> [WHAT IS REQUIRED]:
Return the data exactly, with all pictures removed.

> [INPUT DATA]:
>>>>

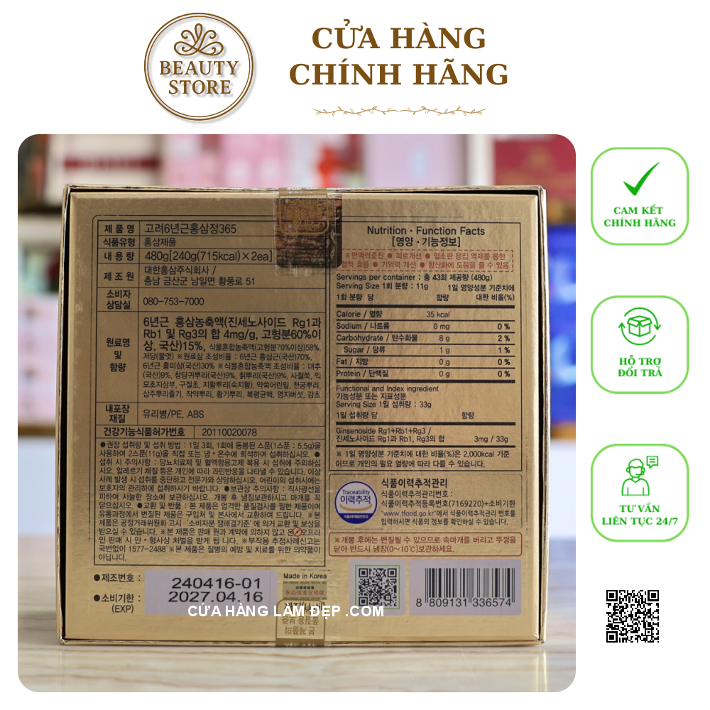Cao Hồng Sâm 365 (240g X 2 Lọ) là sản phẩm chức năng được tinh chế chủ yếu từ Hồng Sâm Hàn Quốc 6 năm tuổi, tập trung được tối đa các dược tính có nhân sâm. Sản phẩm còn được bổ sung thêm các loại thảo dược thiên nhiên quý khác như linh chi, bạch chỉ, xuyên khung… Trải qua quá trình chưng cất nhiều lần, áp dụng kỹ thuật bốc hơi chân không ở nhiệt độ thấp kết hợp cùng phương pháp chế biến truyền thống của người Hàn Quốc giúp cho thành dược tính Hồng Sâm được tăng lên, mang đến công dụng hiệu quả hơn.
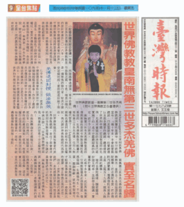 台灣時報2020年11月13日:世界佛教教皇 – 南無第三世多杰羌佛
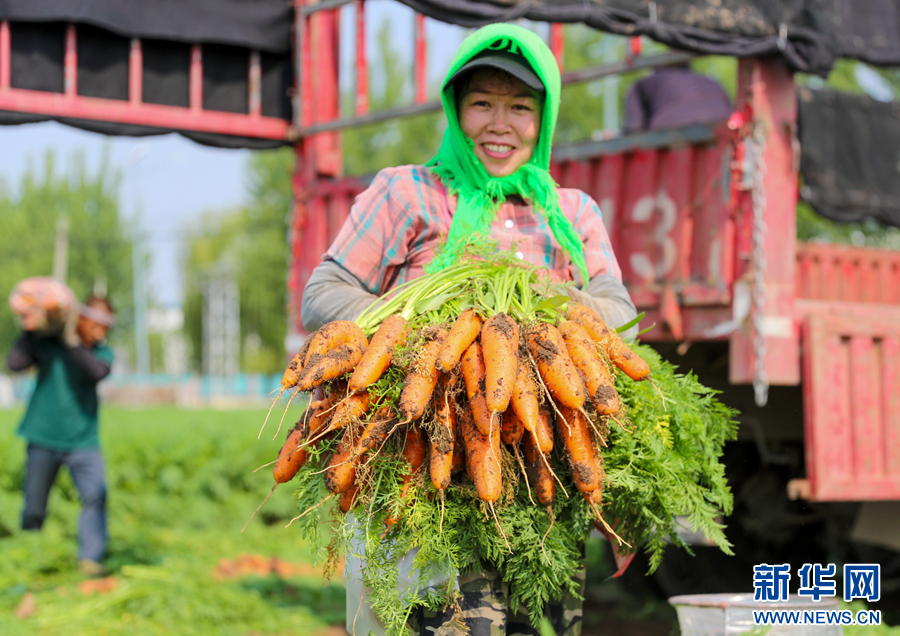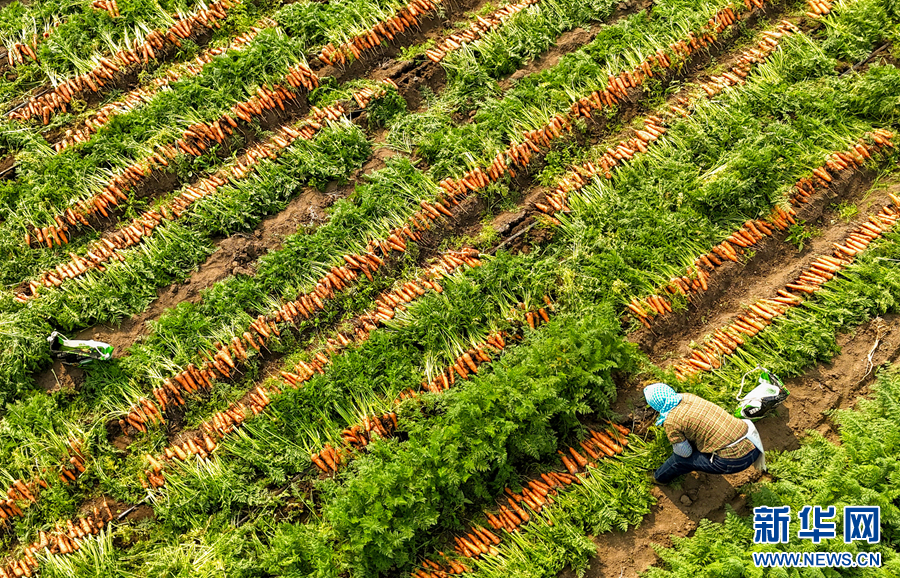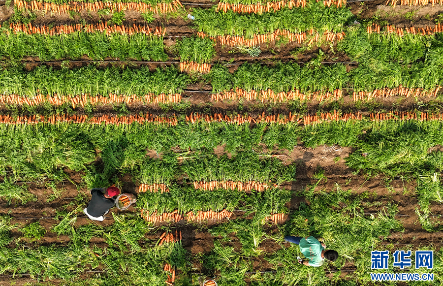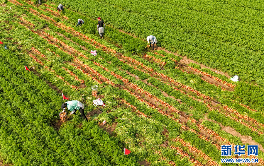 农民采收胡萝卜。新华网发(张进刚 摄)

<<<<

> [TASK RESULT]:
Cao Hồng Sâm 365 (240g X 2 Lọ) là sản phẩm chức năng được tinh chế chủ yếu từ Hồng Sâm Hàn Quốc 6 năm tuổi, tập trung được tối đa các dược tính có nhân sâm. Sản phẩm còn được bổ sung thêm các loại thảo dược thiên nhiên quý khác như linh chi, bạch chỉ, xuyên khung… Trải qua quá trình chưng cất nhiều lần, áp dụng kỹ thuật bốc hơi chân không ở nhiệt độ thấp kết hợp cùng phương pháp chế biến truyền thống của người Hàn Quốc giúp cho thành dược tính Hồng Sâm được tăng lên, mang đến công dụng hiệu quả hơn.
 台灣時報2020年11月13日:世界佛教教皇 – 南無第三世多杰羌佛
 农民采收胡萝卜。新华网发(张进刚 摄)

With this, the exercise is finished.